If a line in the material below has the string "space", copy it out.

_Listed records_.
● ● ●

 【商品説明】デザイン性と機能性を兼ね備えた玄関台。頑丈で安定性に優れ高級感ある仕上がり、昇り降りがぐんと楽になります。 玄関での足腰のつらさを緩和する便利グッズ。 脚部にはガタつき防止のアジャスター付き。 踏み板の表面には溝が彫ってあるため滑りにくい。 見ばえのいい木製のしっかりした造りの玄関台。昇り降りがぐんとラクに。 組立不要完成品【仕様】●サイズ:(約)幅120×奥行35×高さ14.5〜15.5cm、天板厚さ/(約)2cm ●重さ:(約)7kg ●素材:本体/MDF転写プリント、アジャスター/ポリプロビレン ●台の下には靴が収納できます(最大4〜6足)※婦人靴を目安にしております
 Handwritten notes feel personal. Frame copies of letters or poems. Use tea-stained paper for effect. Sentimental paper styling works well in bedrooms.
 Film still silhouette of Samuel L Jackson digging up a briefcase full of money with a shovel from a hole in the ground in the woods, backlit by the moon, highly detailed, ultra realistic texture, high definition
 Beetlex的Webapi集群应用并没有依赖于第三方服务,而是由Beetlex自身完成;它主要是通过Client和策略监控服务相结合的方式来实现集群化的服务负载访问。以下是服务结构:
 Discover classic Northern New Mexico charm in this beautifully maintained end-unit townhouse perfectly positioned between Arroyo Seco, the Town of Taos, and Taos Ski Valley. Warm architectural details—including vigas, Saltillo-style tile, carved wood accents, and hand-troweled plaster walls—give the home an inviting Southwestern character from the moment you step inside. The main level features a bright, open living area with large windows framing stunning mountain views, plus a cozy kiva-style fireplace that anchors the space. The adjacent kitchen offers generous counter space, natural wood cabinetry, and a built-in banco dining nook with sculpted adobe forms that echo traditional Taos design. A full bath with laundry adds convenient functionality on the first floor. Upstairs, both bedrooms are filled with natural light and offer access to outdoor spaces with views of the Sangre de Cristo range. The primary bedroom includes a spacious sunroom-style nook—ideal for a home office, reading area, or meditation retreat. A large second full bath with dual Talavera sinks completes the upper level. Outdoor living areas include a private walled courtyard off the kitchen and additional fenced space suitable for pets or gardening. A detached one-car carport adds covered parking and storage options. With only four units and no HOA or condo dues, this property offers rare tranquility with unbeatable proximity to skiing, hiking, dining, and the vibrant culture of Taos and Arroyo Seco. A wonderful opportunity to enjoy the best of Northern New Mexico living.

● ● ●

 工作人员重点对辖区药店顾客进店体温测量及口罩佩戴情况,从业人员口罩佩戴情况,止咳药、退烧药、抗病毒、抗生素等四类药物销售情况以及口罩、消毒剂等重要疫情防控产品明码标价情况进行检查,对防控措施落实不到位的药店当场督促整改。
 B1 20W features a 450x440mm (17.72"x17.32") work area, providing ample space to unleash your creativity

● ● ●

_Expected answer_.
 Discover classic Northern New Mexico charm in this beautifully maintained end-unit townhouse perfectly positioned between Arroyo Seco, the Town of Taos, and Taos Ski Valley. Warm architectural details—including vigas, Saltillo-style tile, carved wood accents, and hand-troweled plaster walls—give the home an inviting Southwestern character from the moment you step inside. The main level features a bright, open living area with large windows framing stunning mountain views, plus a cozy kiva-style fireplace that anchors the space. The adjacent kitchen offers generous counter space, natural wood cabinetry, and a built-in banco dining nook with sculpted adobe forms that echo traditional Taos design. A full bath with laundry adds convenient functionality on the first floor. Upstairs, both bedrooms are filled with natural light and offer access to outdoor spaces with views of the Sangre de Cristo range. The primary bedroom includes a spacious sunroom-style nook—ideal for a home office, reading area, or meditation retreat. A large second full bath with dual Talavera sinks completes the upper level. Outdoor living areas include a private walled courtyard off the kitchen and additional fenced space suitable for pets or gardening. A detached one-car carport adds covered parking and storage options. With only four units and no HOA or condo dues, this property offers rare tranquility with unbeatable proximity to skiing, hiking, dining, and the vibrant culture of Taos and Arroyo Seco. A wonderful opportunity to enjoy the best of Northern New Mexico living.
 B1 20W features a 450x440mm (17.72"x17.32") work area, providing ample space to unleash your creativity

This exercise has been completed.